Interior Design

Introducing Swiss Made Vintage Furniture: Top 15 Designers

When I first moved to Switzerland in 2020, I faced the daunting task of selecting vintage furniture for my new flat and integrating my art collection into this new environment, all while considering my evolving taste in design. To me, the style of a living space is akin to a haircut, representing a significant aspect of one’s personality. With Switzerland’s worldwide reputation for experimental, rational, and efficient design, I embarked on a journey of discovery through various design furniture galleries in cities like Zurich, Bern, Lausanne, and Basel, while also scouring several websites for second-hand pieces. Along the way, I encountered numerous brilliant Swiss designers and architects of the 20th century whose creativity and work left an indelible impression on me.

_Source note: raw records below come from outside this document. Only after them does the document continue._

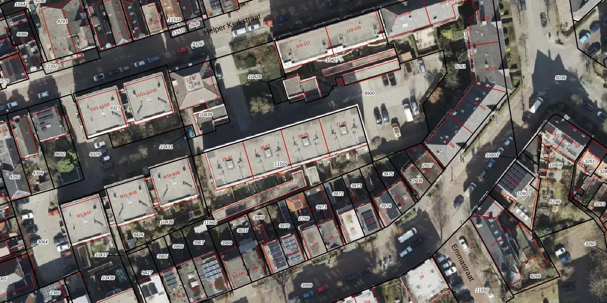 Helper Kerkstraat 75 is gelegen op kadastraal perceel HMN02M11559. Deze kadastrale aanduiding is uniek en wordt gebruikt door het Kadaster om eigendomsrechten en andere zakelijke rechten vast te leggen. Het perceel maakt onderdeel uit van de kadastrale gemeente Helpman.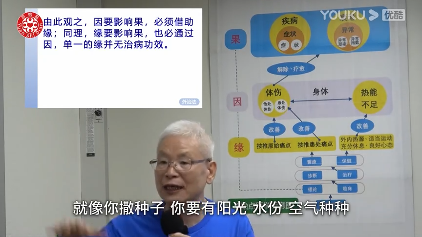 张医师:很容易看懂这一段,总之,缘,外治法,医疗与保健都不能说有治病功效,实际上如果要治病,终须要身体恢复运作,这个如何运作?按推通过缘,按推,热源,皆其他保健等助缘,皆须透过这一系列,热能作用和组织器官的运作,这里顺畅了,自然没有体伤了,这些皆须因,一定要透过因,免疫力,自愈力,来达到自我疗愈的地步,简单的讲,所以由此观之,因如果要影响果,缘来改善因,同样,缘要影响果,必须透过因,结论就是单一的缘,你也可以结论写出单一的缘,单一的因都不能治病,就像单一的因,你有因未必有果,你还要有缘,就像你撒种子,你要有阳光、空气、水,才能长出果树一样;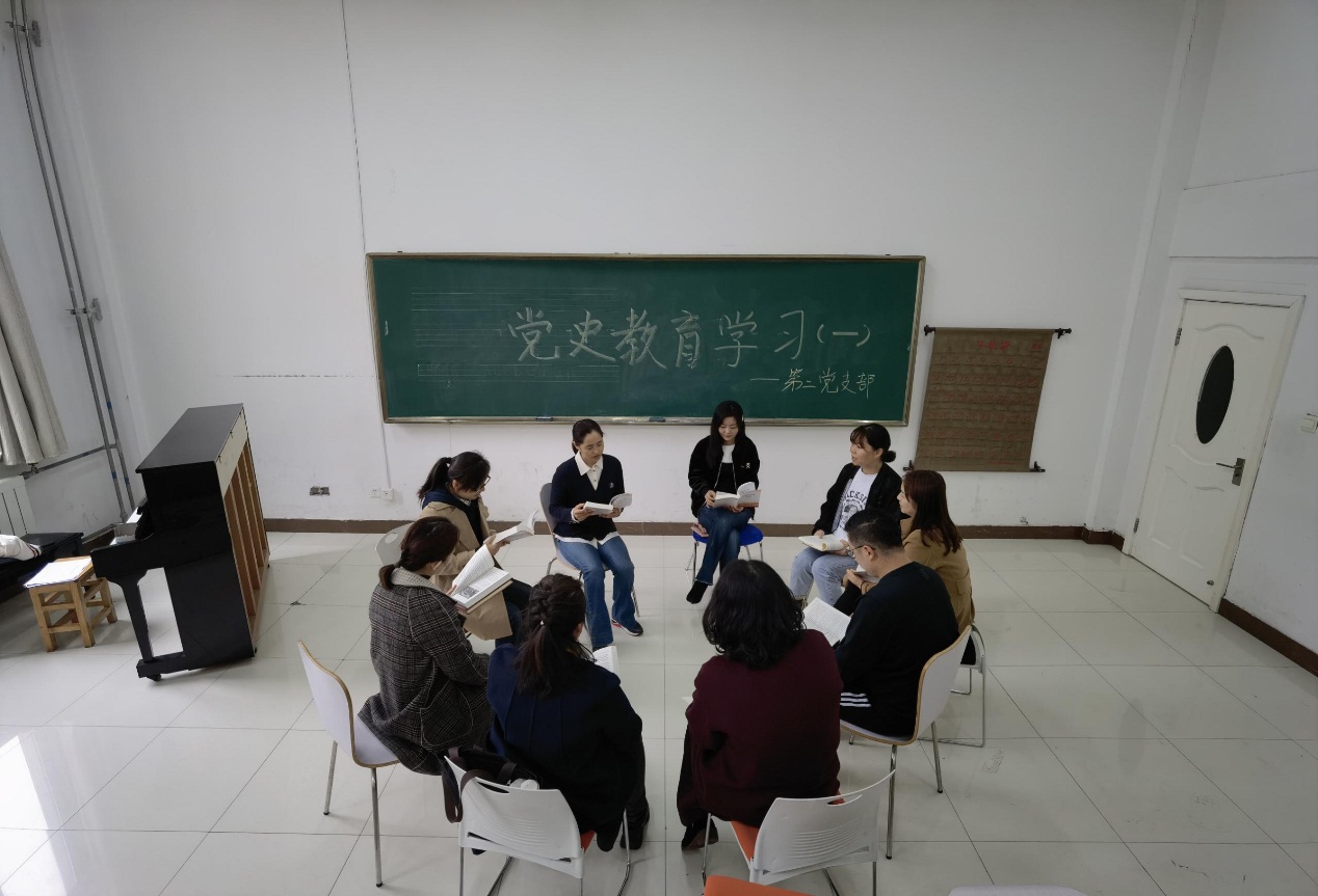 4月13日中午12:00,音舞系党总支第二党支部在艺术楼三楼合唱教室集中进行党史教育专题学习。此次学习活动由第二党支部刘纪秋书记领学,学习内容为《中国共产党简史》第一章“中国共产党的创建和投身大革命的洪流”。

I hope my selection can offer inspiration to those in a similar situation or frame of mind.

  1. Charles-Édouard Jeanneret (Le Corbusier) was one of the leading architects of the early 20th century Modernist movement. He thought of homes as machines for living. He was a teacher, a sculptor, a painter and an architect. He was an urban planner and designed entire cities in India. Le Corbusier began experimenting with furniture design in 1928 after inviting the architect, Charlotte Perriand, to join his studio. By 1930 he, along with his cousin Pierre Jeanneret and fellow architect Charlotte Perriand, had launched a line of furniture under the Le Corbusier name. The line has since been expanded, but the distinct chrome plated tubular steel frames of the original LC series are iconic. The LC4 lounge is one of the most recognizable chairs around and the LC-2 and LC-3 ‘great comfort sofas’ have become ubiquitous with modern design. The LC line is still produced by Cassina and the designs are essentially the same as they have been since 1928.

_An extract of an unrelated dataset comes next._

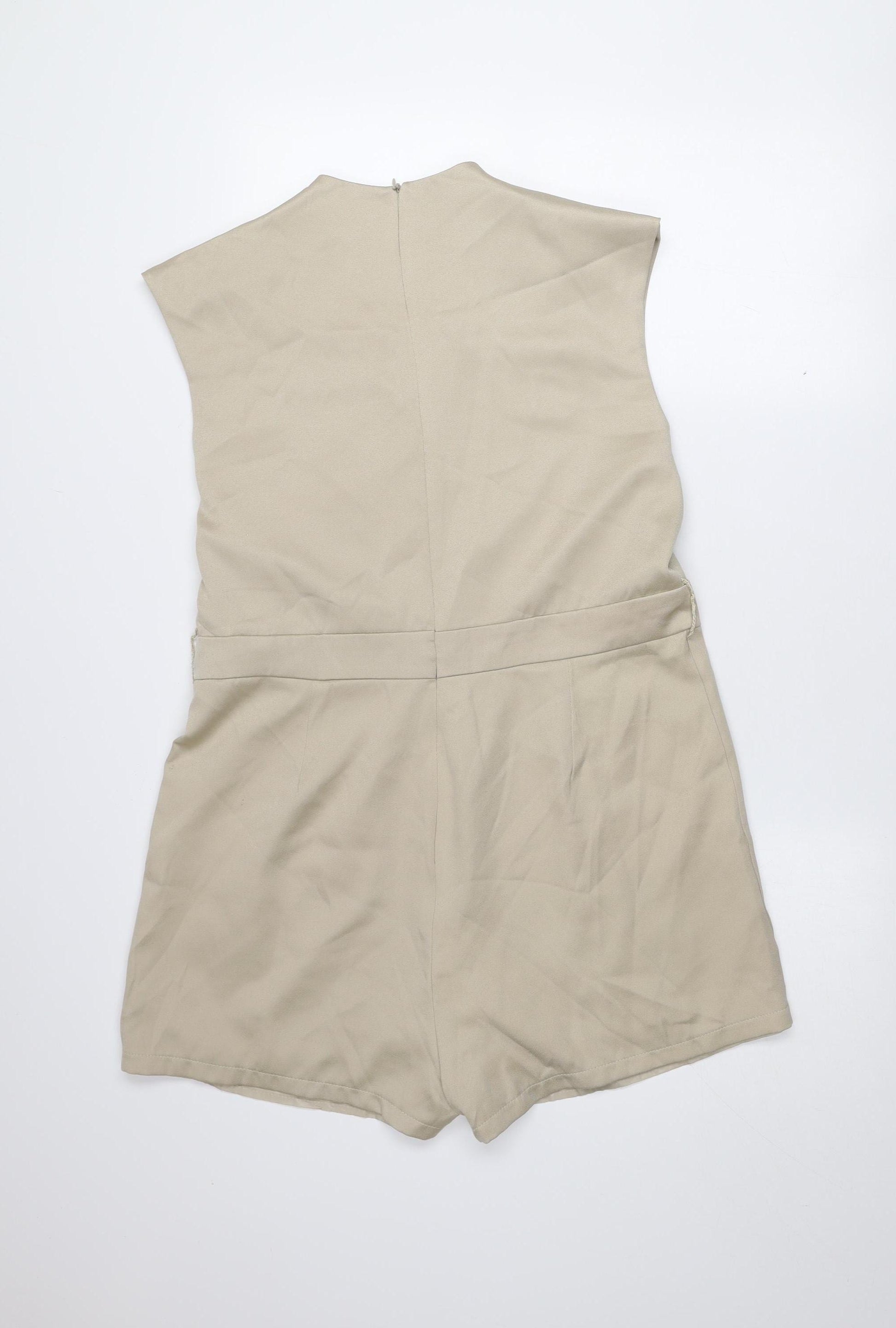 Women's Beige Sleeveless V-Neck Playsuit Size 14

  2. Max Bill was a Swiss artist and designer who founded the Concrete Art movement. His interpretations of Constructivism through painting and sculpture, integrated the study of both geometry and mathematics into his art practice. “I am of the opinion that it is possible to develop an art largely on the basis of mathematical thinking,” Bill once reflected Today, he is perhaps best remembered today for his chronoscopes (wrist watches) which are manufactured by the Junghans company in Germany. His works are also held in the collections of a number of institutions, including The Museum of Modern Art in New York, the Art Institute of Chicago, and the National Gallery of Art in Washington, D.C., among others.

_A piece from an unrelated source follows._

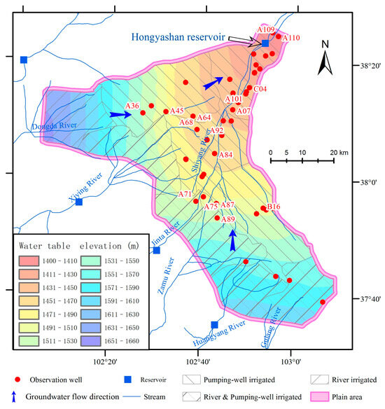 Distribution of observation wells and water table elevation zoning map in the Wuwei Basin.

  3. Hans Georg Bellmann was born in Turgi in Switzerland in 1911. He completed a three-year apprenticeship as a draughtsman in Baden and in 1931 he started to study at the Bauhaus in Dessau/Berlin. Until 1933 Bellmann attended courses held by Kandinsky, Arndt, Albers and Mies van der Rohe amongst others, following the latter to Berlin after obtaining his Bauhaus Diploma. He returned to Switzerland and until 1938 he collaborated with Wohnbedarf AG in Zurich where he focused on housing and furnishing issues. In 1948 Bellmann set up his own business in Zurich. In 1952 he designed the controversial “Einpunkt-Stuhl” (lit. “one-point chair”) together with Max Bill. The issue was the usage of a wooden seat shell. In 1953/54 Max Bill arranged a lectureship for him in Ulm at the Hochschule für Gestaltung (Academy of Design) on interior design. Bellmann die in Muri, Switzerland in 1990.
  4. Mario Botta is acclaimed worldwide for the numerous private houses and company buildings he designed in Switzerland and Italy. Among Mario Botta’s most important public buildings are the Cathedral at Evry (1988-90), the San Francisco Museum of Modern Art (1990-95), and the Tinguely Museum in Basel (1995-96). As an architect, Mario Botta is a leading exponent of what is known as the Ticino School.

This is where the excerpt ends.